I have some given Data that should be sorted first on appearance of
string OPEN (on top) and second after the values of the first
occurence of digits, here e.g. 31 to 40.
How can I 'regex' or 'map' this to sort them in one loop already?

Thanks
Hardy

#!/usr/bin/perl

use warnings;
use strict;

my @digitlist;
my @openlist;
my @clsdlist;

while(<DATA>){
/(\d{1,3})/;
push (@digitlist,$1.$_);
}

@digitlist = sort @digitlist;

for(@digitlist){
if (/OPEN/){
push(@openlist,$_);
}else{
push(@clsdlist,$_);
}
}

for(@openlist){
print;
}
for(@clsdlist){
print;
}
1;
# EOF

__DATA__
SBruhrtal32PER09CLSD
SBsorpe31PER19IN18last
RBruhrII33PER11OPEN
RBruhrI34PER14CLSD
RBharkortI40PER09OPEN

#!/usr/bin/perl
use warnings;
use strict;

my ( @openlist, @clsdlist );

push @{ /OPEN/ ? \@openlist : \@clsdlist }, $_ for
map substr( $_, 3 ),
sort
map sprintf( '%03d%s', /(\d{1,3})/, $_ ),
<DATA>;

print @openlist, @clsdlist;

John

Uri Guttman · May 25, 2004

JWK> #!/usr/bin/perl
JWK> use warnings;
JWK> use strict;

JWK> my ( @openlist, @clsdlist );

JWK> push @{ /OPEN/ ? \@openlist : \@clsdlist }, $_ for
JWK> map substr( $_, 3 ),
JWK> sort
JWK> map sprintf( '%03d%s', /(\d{1,3})/, $_ ),
JWK> <DATA>;

JWK> print @openlist, @clsdlist;

i like it, an GRT written on the fly. but you now owe me royalties! for
payment, i expect you to test Sort::Maker before its public release.

uri

Herr Hardy · May 25, 2004

Let me comment to understand, from bottom to top

push @{ /OPEN/ ? \@openlist : \@clsdlist }, $_ for

# ^ 4. OPEN 2 openlist, !OPEN 2 clsdlist

map substr( $_, 3 ),

# ^ 3. delete leading 'mark'-digits

sort

# ^ 2. simple Perl sort on the 'marks'

map sprintf( '%03d%s', /(\d{1,3})/, $_ ),

# ^ 1. 'marking' each line with \d{1,3} as leading digits
# or 0nn or 00n if less than 3 digits in \d{1,3}

<DATA>;

print @openlist, @clsdlist;

That's pretty, John.

Herr Hardy · May 25, 2004

Taking your funny linewithout mapping

push @{ /OPEN/ ? \@openlist : \@clsdlist }, $_ for
sort {
my($x) = ($a=~/(\d{1,3})/);
my($y) = ($b=~/(\d{1,3})/);
$x <=> $y;
}
<DATA>;

Uri Guttman · May 25, 2004

HH> On Tue, 25 May 2004 08:31:02 +0200, Herr Hardy <[email protected]>
HH> wrote:

HH> Taking your funny lineHH> without mapping

HH> push @{ /OPEN/ ? \@openlist : \@clsdlist }, $_ for
HH> sort {
HH> my($x) = ($a=~/(\d{1,3})/);
HH> my($y) = ($b=~/(\d{1,3})/);
HH> $x <=> $y;
HH> }
HH> <DATA>;

read http://sysarch.com/perl/sort_paper.html to find out why the
map/sort/map is usually much faster.

uri

Anno Siegel · May 25, 2004

Herr Hardy said:
__DATA__
SBruhrtal32PER09CLSD
SBsorpe31PER19IN18last
RBruhrII33PER11OPEN
RBruhrI34PER14CLSD
RBharkortI40PER09OPEN
RBruhrI34PER14OPEN

Click to expand...

That can be done using a Schwartz transform.
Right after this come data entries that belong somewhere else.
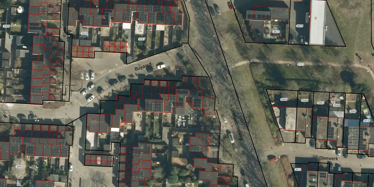 Het perceel waarop Buyaard 5 staat heeft een oppervlakte van 6371 m². Dit is een zeer groot perceel. De perceeloppervlakte wordt geregistreerd door het Kadaster. Gedetailleerde informatie over de maten van dit perceel kunt u vinden in het rapport Kadastrale kaart met maatvoering van Buyaard 5.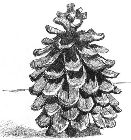 Unlike man-made goods, objects found in nature often have imperfections and unevenness in form. The trick with this pine cone is to make the tones very dark in the central shadows and lighter where the leaves don’t overlap. Because of the variety in shape you don’t have to worry if your drawing isn’t exact.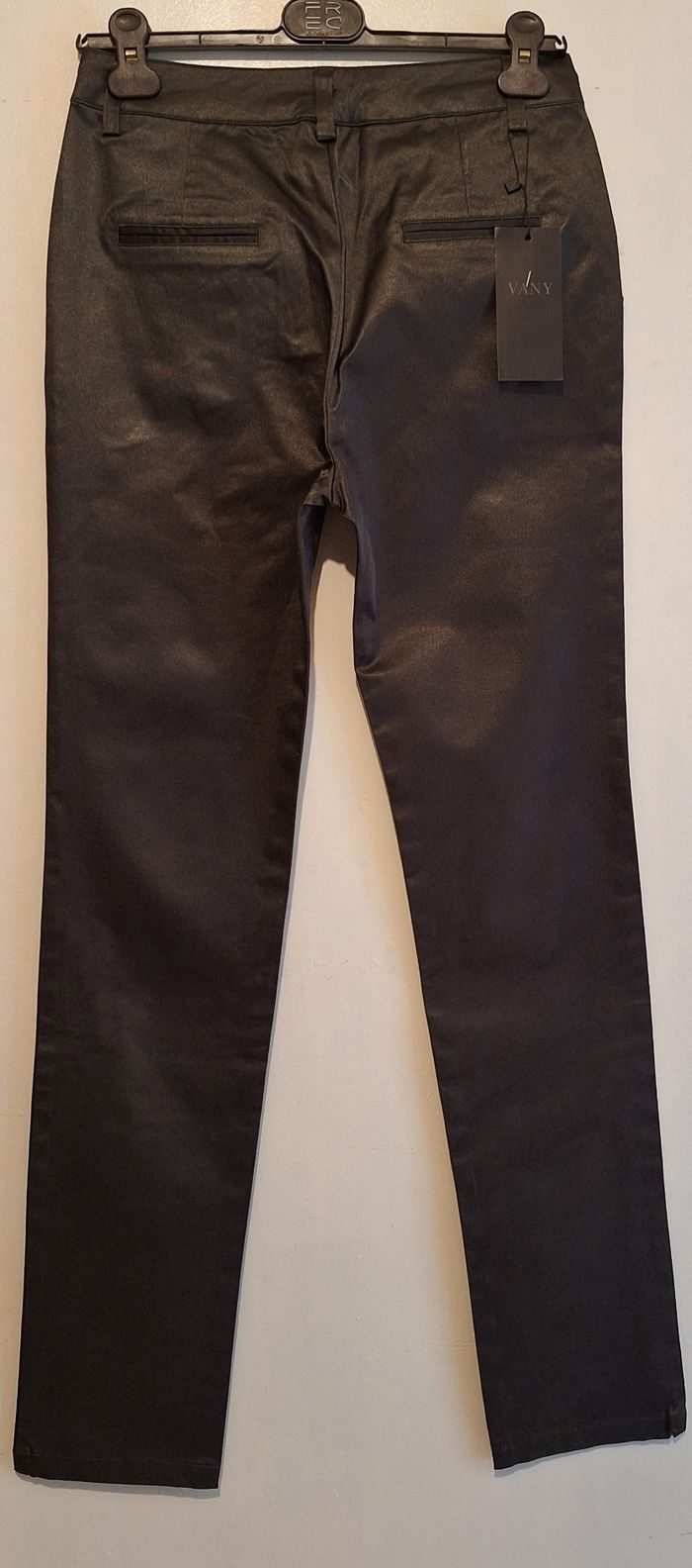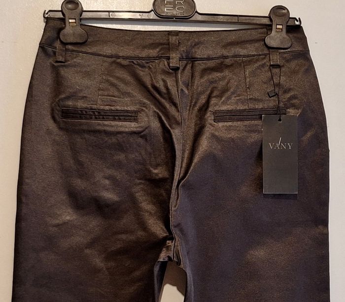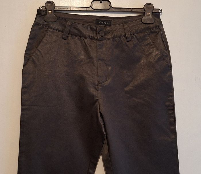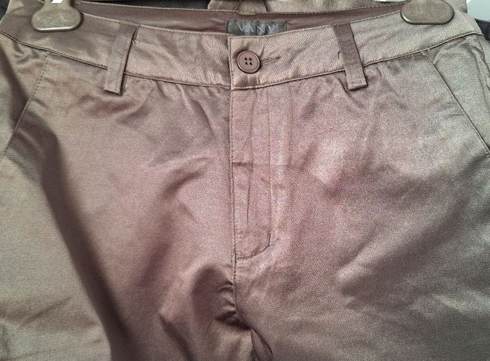 Pantalon coupe droite de couleur kaki brillant. Fermé par bouton et zip. Passants pour ceinture. Poches devant. Fausses poches derrière. En coton, nylon et élasthanne.

Assign numeric sort keys
to the lines. Make the key -1 if the line contains "OPEN", otherwise
use the first group of digits. Sort according to keys, throw the
keys away.

print for # print result
map $_->[ 0], # throw keys away
sort { $a->[ 1] <=> $b->[ 1] } # sort by key
map [ $_ , /OPEN/ ? -1 : ( /(\d+)/ )[ 0] ], # assign keys
<DATA>;

Click to expand...

... buuuuut the result ist

RBruhrII33PER11OPEN
RBharkortI40PER09OPEN
RBruhrI34PER14OPEN
SBsorpe31PER19IN18last
SBruhrtal32PER09CLSD
RBruhrI34PER14CLSD

3 OPEN on top, rest follows, but the OPEN-values should then be
ordered after their (\d{1,3})'s and here's 33 40 34,
should be 33 34 40

You weren't too clear about the sort criteria, I'm not the only one who
misunderstood.

So, is there a way to alter the keys by 2nd mapping?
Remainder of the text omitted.